Throughout his life, Strayhorn wrote numerous pieces for the orchestra that revealed a sophisticated sense of melody and harmony unprecedented in early jazz. While the line between between Ellington's writing and that of his independent partner is often hard to discern, the bandleader certainly received the lion's share of the praise.

Billy Strayhorn: Lush Life is director Robert Levi's new PBS/Independent Lens documentary on the composer, discussing Strayhorn's musical triumphs together with his personal battles, struggle for recognition and homosexuality. The film's 90 minutes cut between footage of the Ellington band and interviews with Strayhorn authorities, including biographer David Hadju, musicians like Quincy Jones, Clark Terry and Luther Henderson, and former lover Aaron Bridgers.

In early segments, actor Dulé Hill plays a young Billy, who talks to the camera about his life in Pittsburgh. The program also includes performances of classics like "Lush Life," "Satin Doll" and "Chelsea Bridge," by modern artists such as vocalist Dianne Reeves, saxophonist Joe Lovano and veteran pianist Hank Jones. (Blue Note Records recently released a companion soundtrack.)

The music gets plenty of time in Lush Life, and reveals why Strayhorn often gets the word genius thrown at him. "He comes from the same perspective as Ellington, but he does things a little different," says local saxophonist Ben Opie. "You've got these really aching, biting ballads that he writes. And they just drip off the record. They have very dissonant, but also very beautiful, harmonies."

The song "Lush Life" has been called a lesson in harmony, with an out-of-tempo introduction that leads into a slow melody full of incidental melodic twists. (Strayhorn passionately despised a version by the great Nat "King" Cole, because he overlooked one of those incidentals.) The lyrics tell the story of a broken-hearted lover, and they have the insight of a veteran writer. Yet, Strayhorn wrote the song in Pittsburgh at the tender age of 16, inspired by stories in The New Yorker.

Some stylistic elements of the documentary are a bit questionable. The dramatized Hill segments don't last beyond the first 30 minutes, making their inclusion a strange choice. While Elvis Costello has the pipes for Strayhorn's music, the fact that he added lyrics for "Bloodcount" -- a wrenching instrumental written from a dying Strayhorn's hospital bed -- seems a bit precocious, if not sacrilegious. And the documentary as a whole seems to center on the debate about whether Ellington manipulated his partner for his own artistic gain.
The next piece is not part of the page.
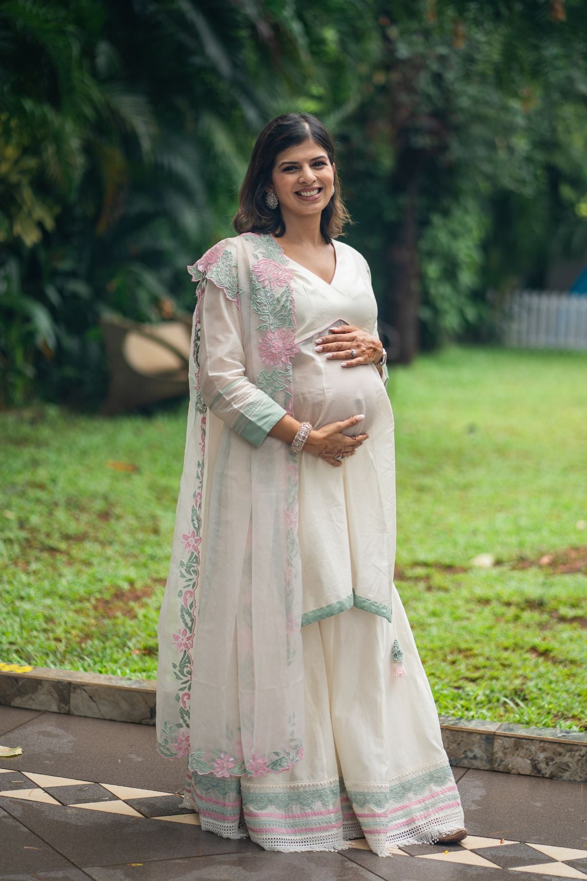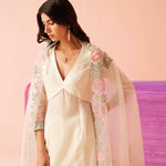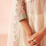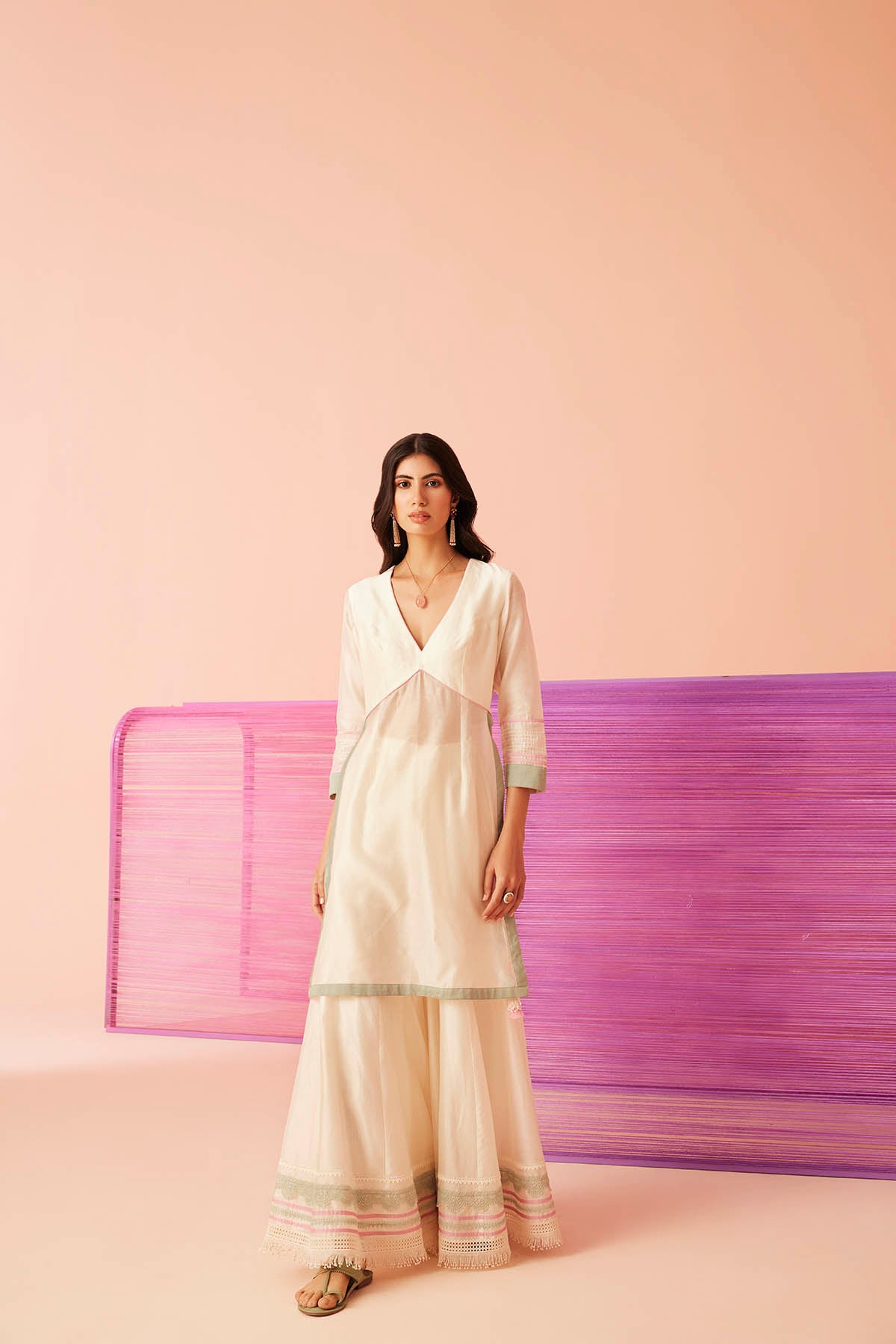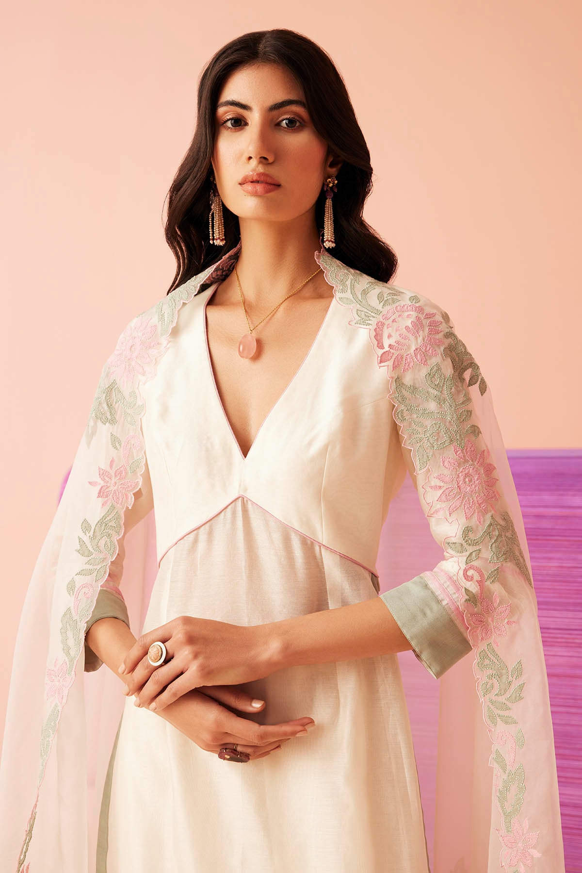 This ivory kurta set is the epitome of summer elegance. The intricate detailing of the sea green striped patches and laces on the kurta and gharara create a playful yet sophisticated look. The organza dupatta, featuring delicate floral embroidery in shades of rose pink and sea green, adds a touch of romanticism to the overall ensemble.

Nelson Harrison, a Pittsburgh trombonist and composer, believes Ellington revered Strayhorn and gave him credit whenever possible. "He knew what he had. Imagine the genius of Duke to hear this guy, not be intimidated and say, 'This is the guy that can help me be more of what I want to be,'" he says. "And he did whatever was necessary to take care of Strayhorn."
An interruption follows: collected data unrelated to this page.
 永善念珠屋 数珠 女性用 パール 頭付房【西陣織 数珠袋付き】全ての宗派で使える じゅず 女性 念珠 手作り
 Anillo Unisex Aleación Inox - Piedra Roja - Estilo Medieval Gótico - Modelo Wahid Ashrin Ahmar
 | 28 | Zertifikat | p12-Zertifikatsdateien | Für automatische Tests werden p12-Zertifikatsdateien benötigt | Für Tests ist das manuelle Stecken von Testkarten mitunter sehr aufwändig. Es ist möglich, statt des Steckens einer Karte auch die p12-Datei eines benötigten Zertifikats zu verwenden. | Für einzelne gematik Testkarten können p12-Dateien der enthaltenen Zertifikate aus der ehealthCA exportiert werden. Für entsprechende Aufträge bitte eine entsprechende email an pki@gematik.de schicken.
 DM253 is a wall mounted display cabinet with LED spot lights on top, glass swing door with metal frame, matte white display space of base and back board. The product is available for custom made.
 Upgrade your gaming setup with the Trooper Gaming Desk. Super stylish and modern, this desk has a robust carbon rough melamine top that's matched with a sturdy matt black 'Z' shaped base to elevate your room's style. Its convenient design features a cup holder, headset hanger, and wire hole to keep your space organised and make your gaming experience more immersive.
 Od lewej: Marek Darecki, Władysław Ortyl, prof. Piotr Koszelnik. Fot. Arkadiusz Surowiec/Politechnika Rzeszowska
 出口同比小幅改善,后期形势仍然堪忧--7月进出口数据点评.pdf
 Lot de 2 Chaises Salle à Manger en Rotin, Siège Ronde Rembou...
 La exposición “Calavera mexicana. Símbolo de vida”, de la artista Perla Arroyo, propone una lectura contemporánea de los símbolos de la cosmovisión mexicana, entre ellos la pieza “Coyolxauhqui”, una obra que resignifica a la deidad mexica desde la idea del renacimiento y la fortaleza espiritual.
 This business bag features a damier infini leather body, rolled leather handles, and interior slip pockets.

Being a gay man in the era pre-dating both Stonewall and civil rights, Strayhorn had to keep his sexuality under wraps, and Lush Life discusses that as well. On one hand, it could be said that a song like "Something to Live For" expressed his feelings, albeit in more general terms. "He didn't just put notes on a piece of paper and divide them rhythmically and make them jump around. There was purpose in his tunes," says trumpeter Chuck Austin, who has played with Opie in the band Opek.
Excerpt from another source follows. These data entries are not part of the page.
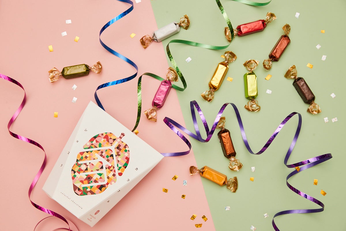 - 一人でもみんなでも。10種の味わいが楽しい、まろやかな口溶けのカラフルショコラ
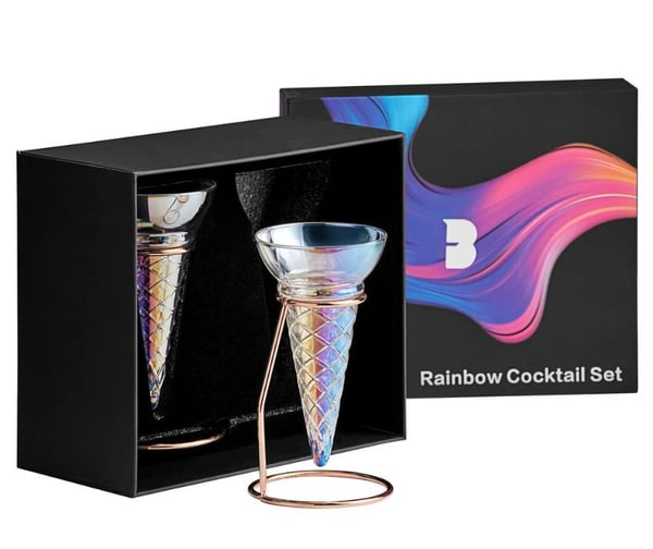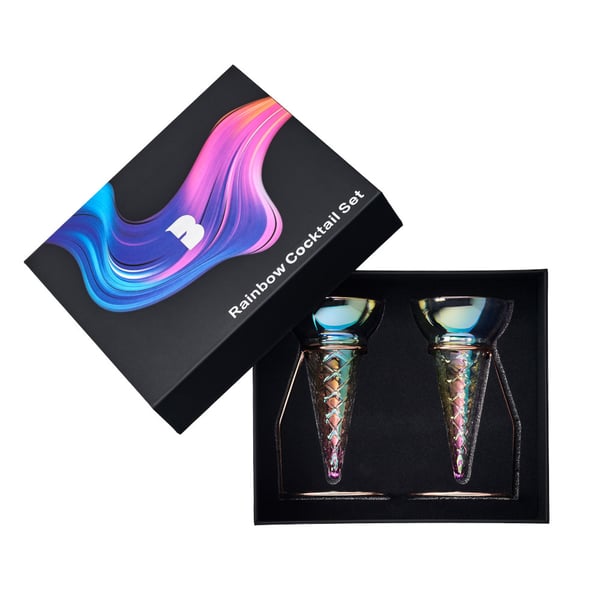 Комплект з двох келихів RAINBOW ICE CREAM ємністю по 150 мл - це витончені келихи на оригінальній підставці, які вирізняються універсальністю та можуть використовуватися для оригінальної подачі коктейлів чи інших алкогольних/безалкогольних напоїв, а також десертів. Форма цих келихів ідеальна для того, щоб запропонувати гостям оригінальну сучасну подачу за допомогою інноваційного коктейльного набору Flavour Blaster Cocktail Pro 2.5 NEW, який сповнить ваші напої вибуховим смаком ароматного "туману" і парових "хмар" над коктейлями, спиртними напоями, безалкогольними коктейлями та десертами в барі. Даний тандем - келихи + коктейльний набір - ідеально підходять для висококласних барів та елітних зустрічей в ресторанах, забезпечуючи клієнтам незабутні враження, перевизначаючи стандарти подачі коктейлів і не тільки.
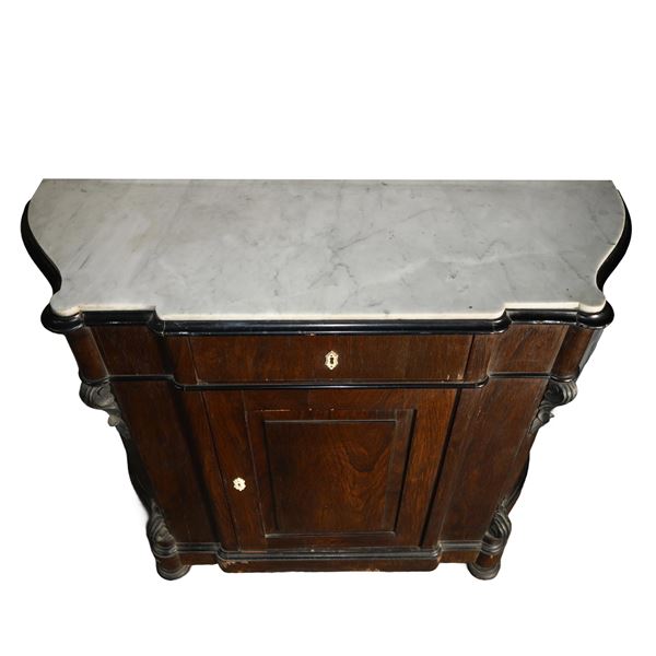 Etagere with white marble on the top, drawer under the top and door, 19th century
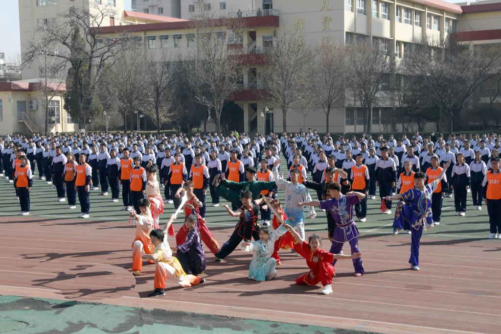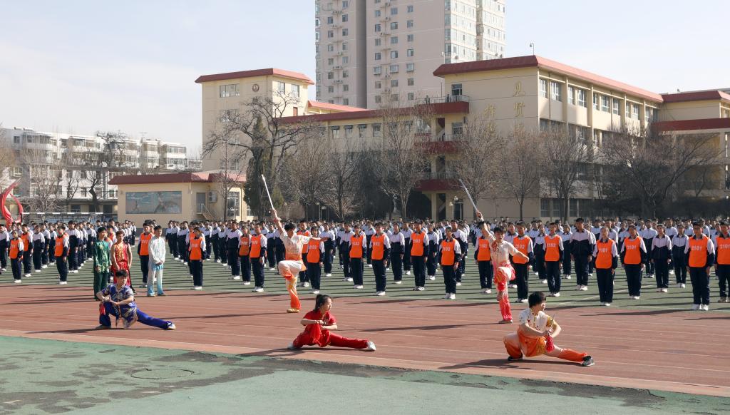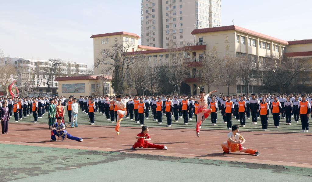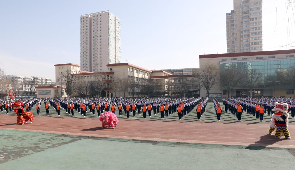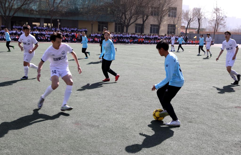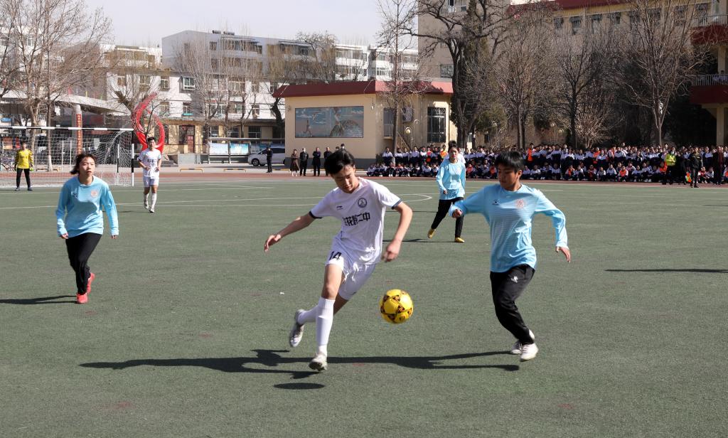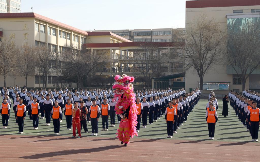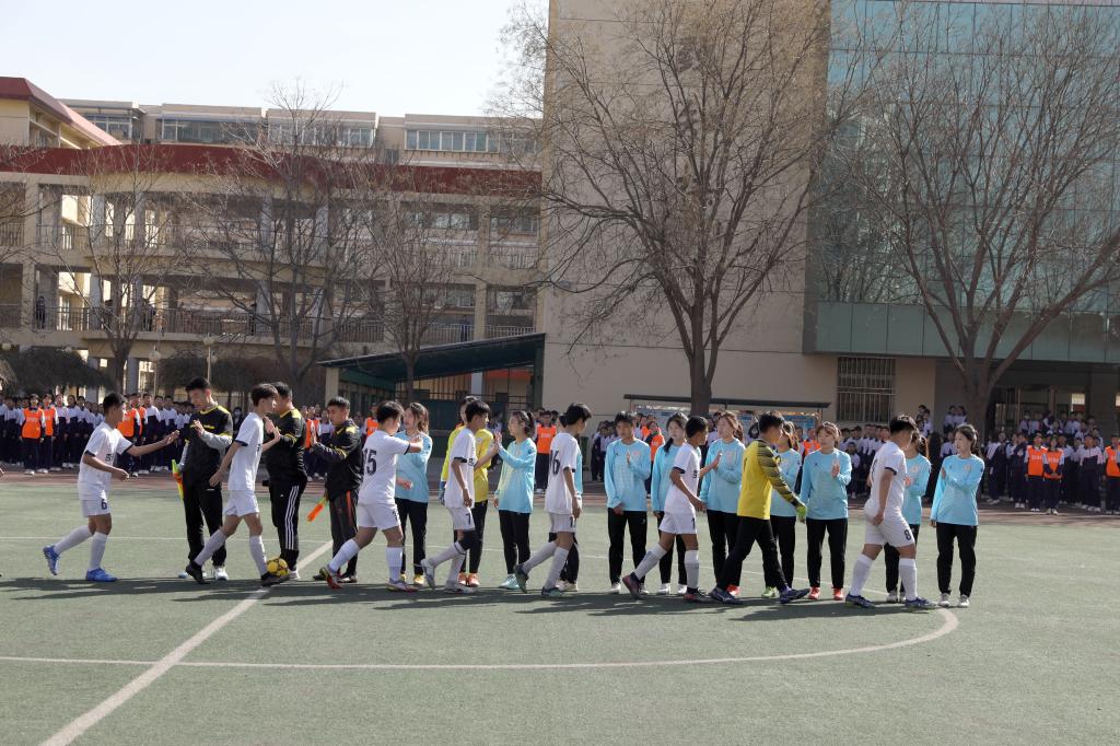 仪式开始前进行了学生汇报表演。杏花岭区二中学生作了“阳光”大课间操展示,7790cnm必发集团民族传统体育系学生表演了舞狮和武术。随后我校女足与杏花岭二中男足进行了足球友谊赛,双方争抢激烈,攻防转换迅速,双方球员的细腻脚法赢得观众阵阵掌声。

While this may be true, Harrison worries that for too many people, such surrounding issues as Strayhorn's sexuality might overshadow the composer's true legacy. "Leonard Bernstein was gay too, but they don't focus on that," says Harrison. "They talk about his music. But they want to talk about Strayhorn's lifestyle instead of his music. We could be talking about Strayhorn's music for the next 200 years if you really want to get into it."

Billy Strayhorn: Lush Life airs at 10 p.m., Tue., Feb. 6 on PBS.